What has Sweden pledged and why?

“We have made several pledges in connection with Remember-ReAct to contribute both to the memory of the Holocaust and to preventing antisemitism today and in the future. Sweden pledges to preserve and pass on the memory of the Holocaust; to promote education to prevent antisemitism and other forms of racism and to strengthen Holocaust research; to combat antisemitism, antigypsyism and other forms of racism – online and offline; and to promote Jewish life, strengthen Roma inclusion and enhance security for civil society.

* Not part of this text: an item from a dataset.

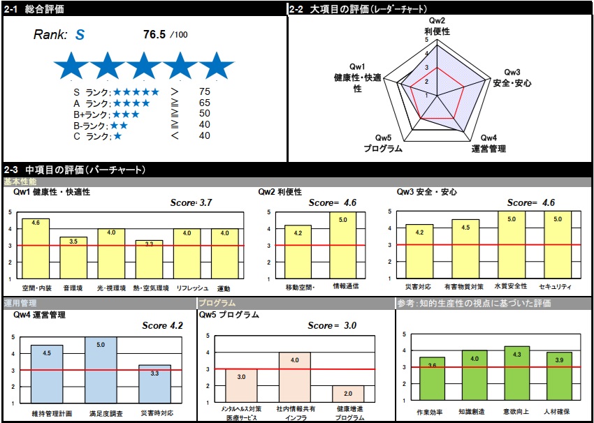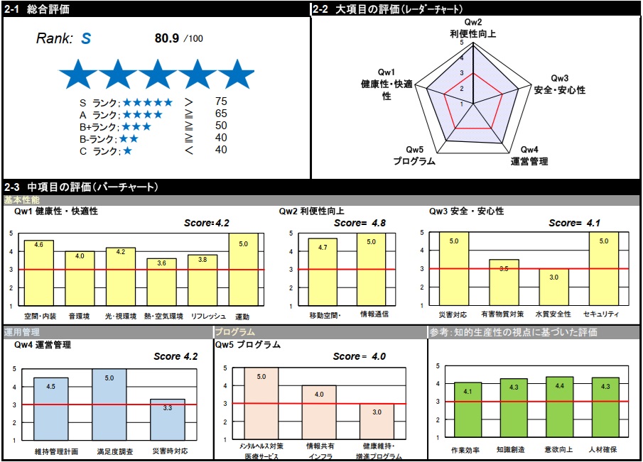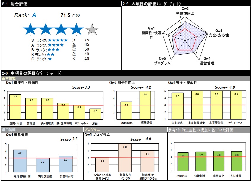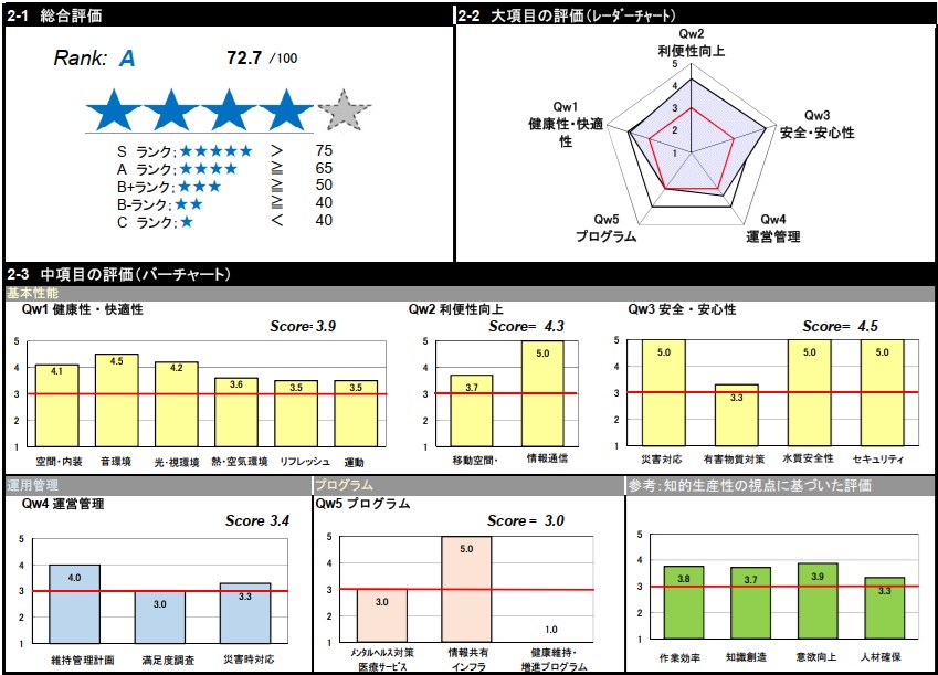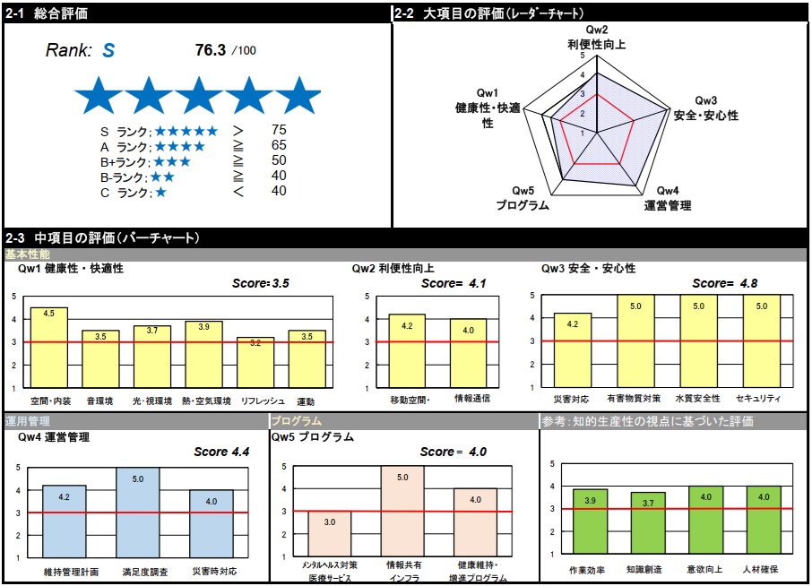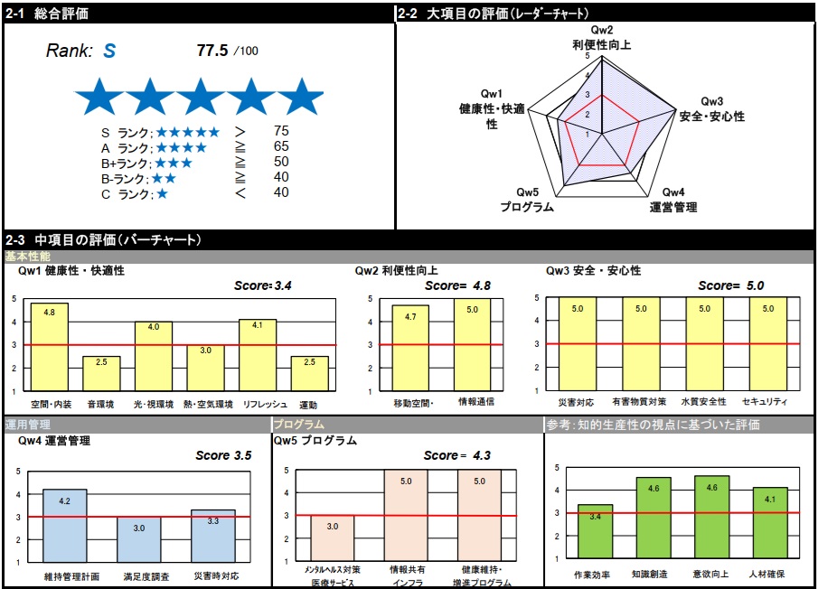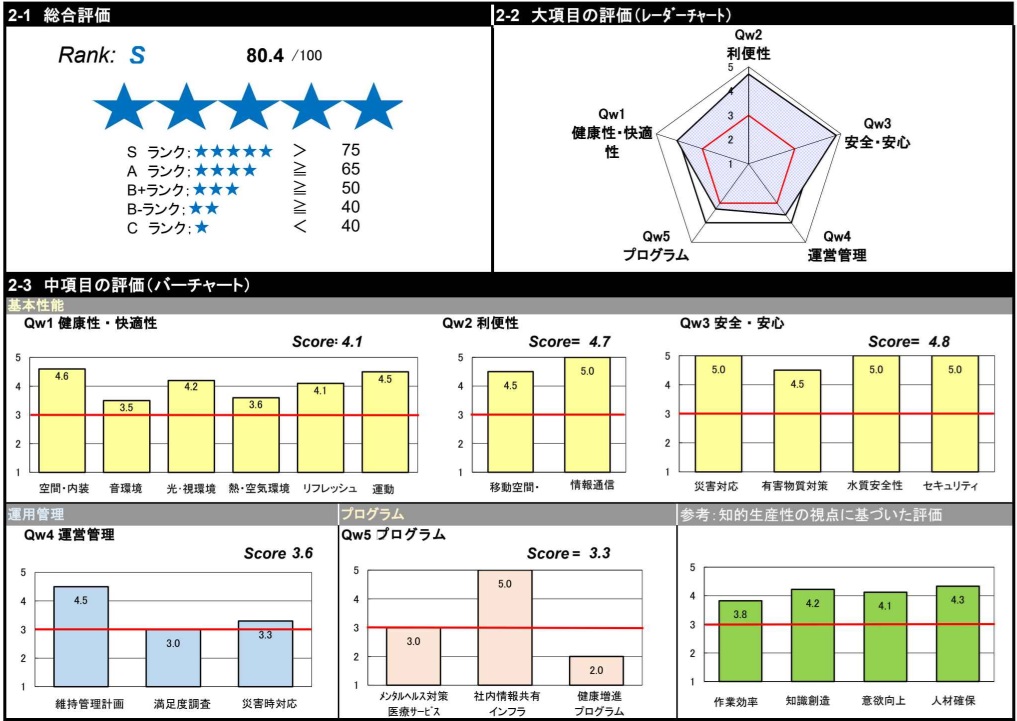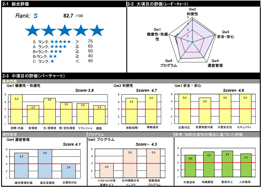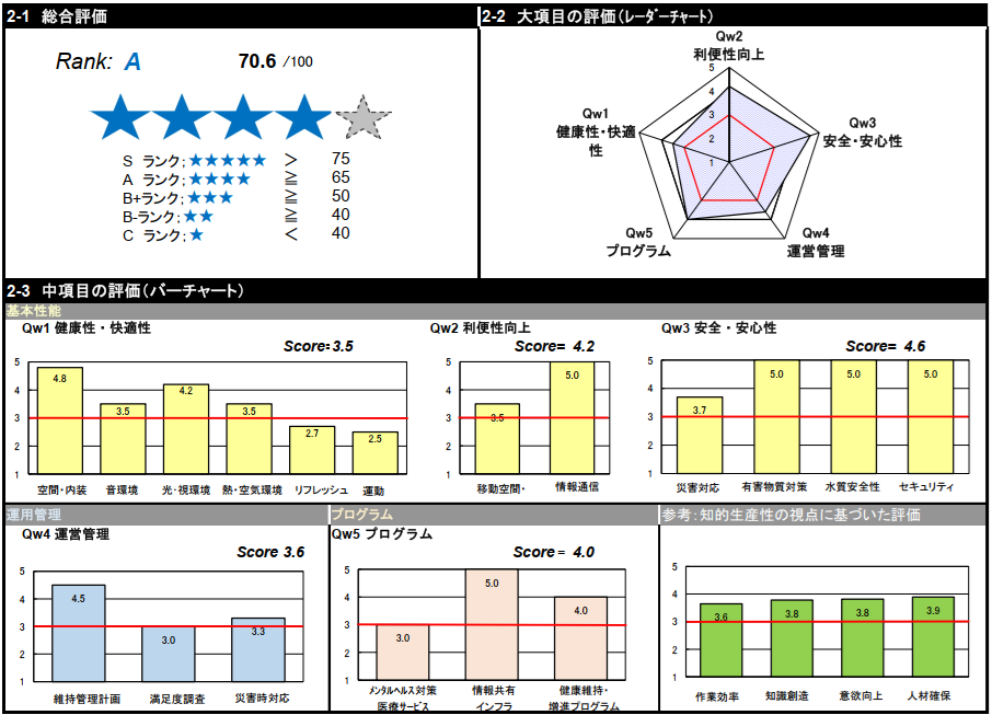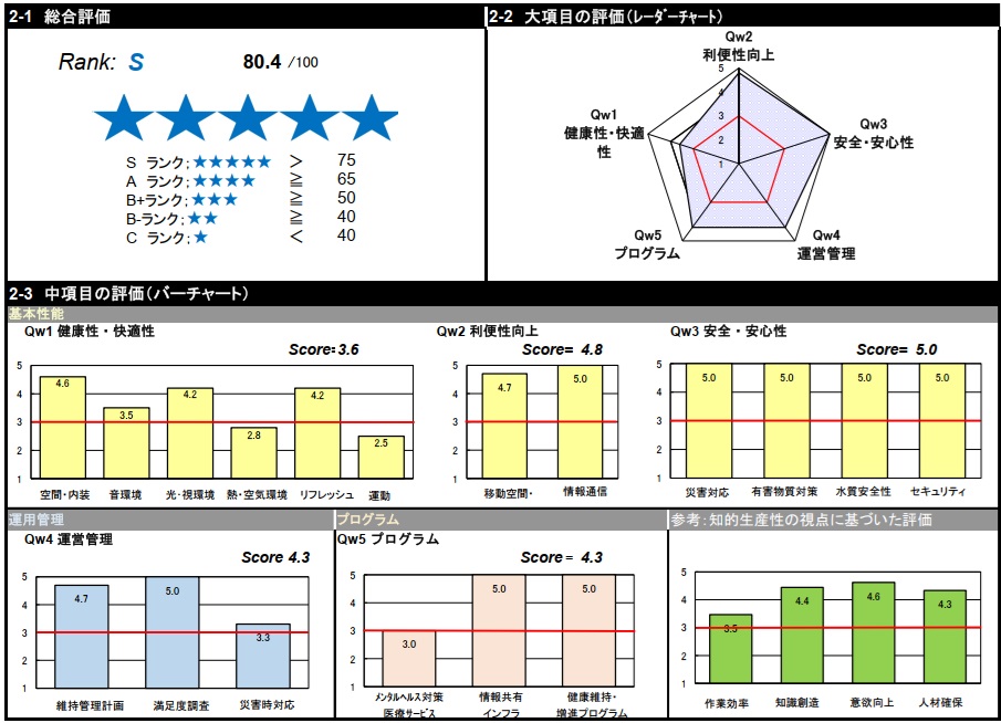 上記の各評価項目の5段階評価の結果をもとに総合得点を算出することで、CASBEEウェルネスオフィスのランクが評価されています。

“To accomplish this, we are implementing a range of measures, including establishing a museum to preserve and pass on the memory of the Holocaust, and an education initiative to prevent antisemitism and other forms of racism.”

Sweden’s pledges at the Malmö Forum

Background

The year 2020 marked the 75th anniversary of the end of the Second World War and the liberation of Auschwitz-Birkenau. It was also 20 years since the first Stockholm International Forum on the Holocaust was held. In connection with the Stockholm Forum, the International Holocaust Remembrance Alliance (IHRA) and the Living History Forum were established.

Many of those who survived the Holocaust are now quite old and will soon no longer be able to personally to share their experiences. At the same time, antisemitic powers around the world are growing ever stronger. It is in the light of this that Prime Minister Stefan Löfven is hosting Remember-ReAct – an international conference in Malmö on Holocaust remembrance and combating antisemitism.

Due to the COVID-19 pandemic, the conference was postponed for one year and will be held on 13 October 2021.